For students interested in making new friends, skating and gardening, Skate LSU is the organization for you.

Sociology graduate student James Jordan created a “skating and gardening” group for students.

By seeing a fellow skater, it is expected to interact and make plans to skate together, according to Jordan, because skaters are community based.

“As soon as you see someone skating, it’s like, ‘Oh, okay we should be friends’,” Jordan said. “But if they are weird, then they’re just weird.”

Jordan said he knew skating is a good way to make friends. He was tired of skating by himself, so he drew fliers recruiting fellow skaters to meet every Friday at LSU Memorial Tower at 5 p.m.

Jordan said he currently has a core group of people who skate, with a GroupMe, so they can “link up” whenever they want during the week.

For the gardening aspect of Skate LSU, Jordan created a group before he started skating in San Francisco known as “Echotree.” Originally the group was based around gardening, but as he started skating, he wanted to incorporate both into one group.

Jordan is currently building greenhouses at Front Yard Bikes and has a gardening program at University Terrace Elementary School. He is teaching kindergarteners and first graders how to plant seeds for organic vegetables, raising them in the greenhouses, growing them in a farm and getting the food back to the students.

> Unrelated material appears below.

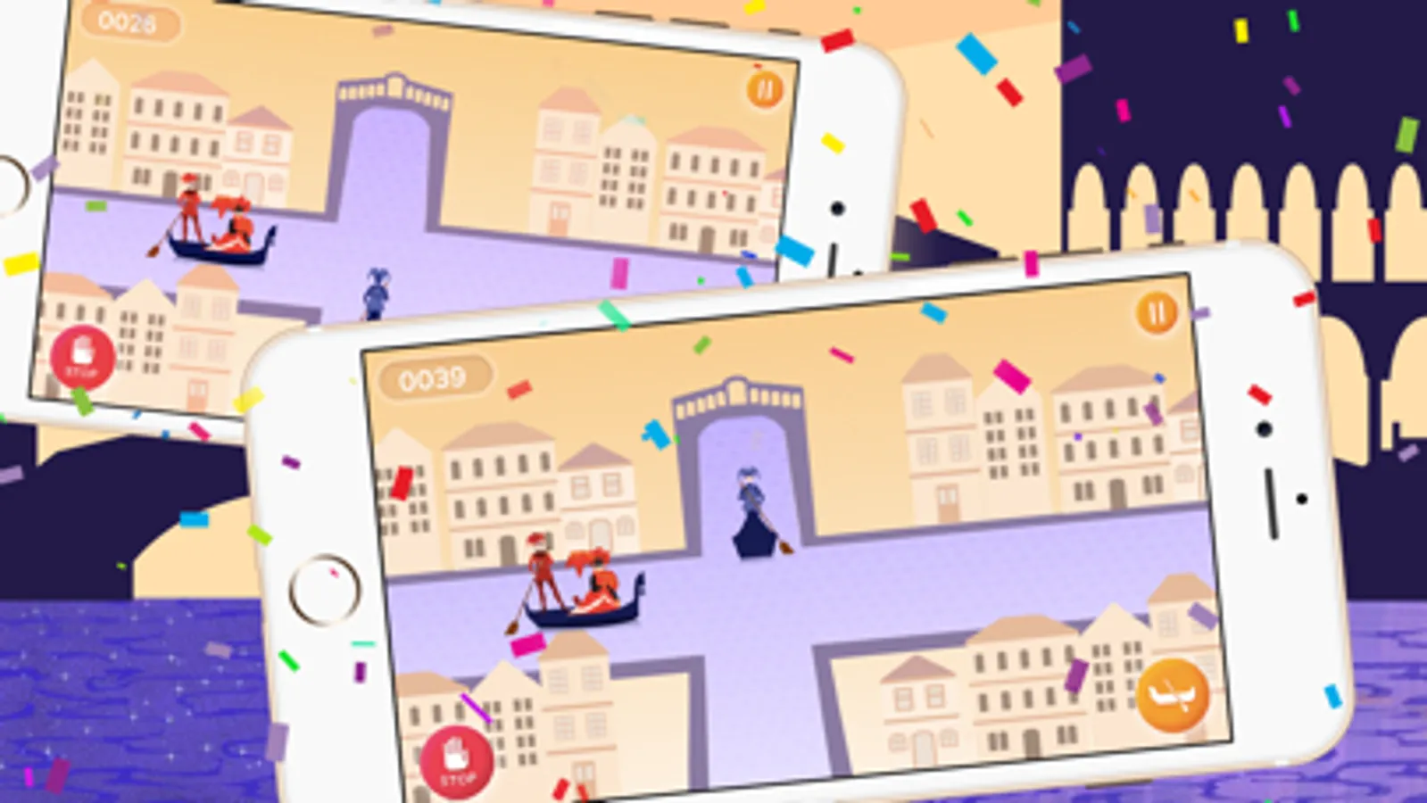 Mais ne prenez pas trop d'assurance : Il y a encore d'autres gondoliers dont vous devez vous occuper. Leur position et leur vitesse sont aléatoires à chaque fois, vous ne savez donc jamais à quoi vous attendre. Si vous percutez l'un d'entre eux, c'est la fin de la partie.

Although Jordan doesn’t plan on constructing greenhouses on campus, he wants University students to go the greenhouses and help him build because he said the University currently has enough greenhouses.

Jordan said he is growing food because the elementary students don’t have access to fresh food. He has a passion for teaching the students how to grow them.

One of the things Jordan and Skate LSU plan on doing in the future is jumping off eight steps with their skateboards.

The group “posts up” somewhere, asking what they want to do and if someone recommends something—such as jumping off eight stairs—the group will try until they complete the task.

“[The students] should definitely come join us with their skateboards,” Jordan said. “I also have an extra skateboard, so someone can hit me up if [they] want to learn.”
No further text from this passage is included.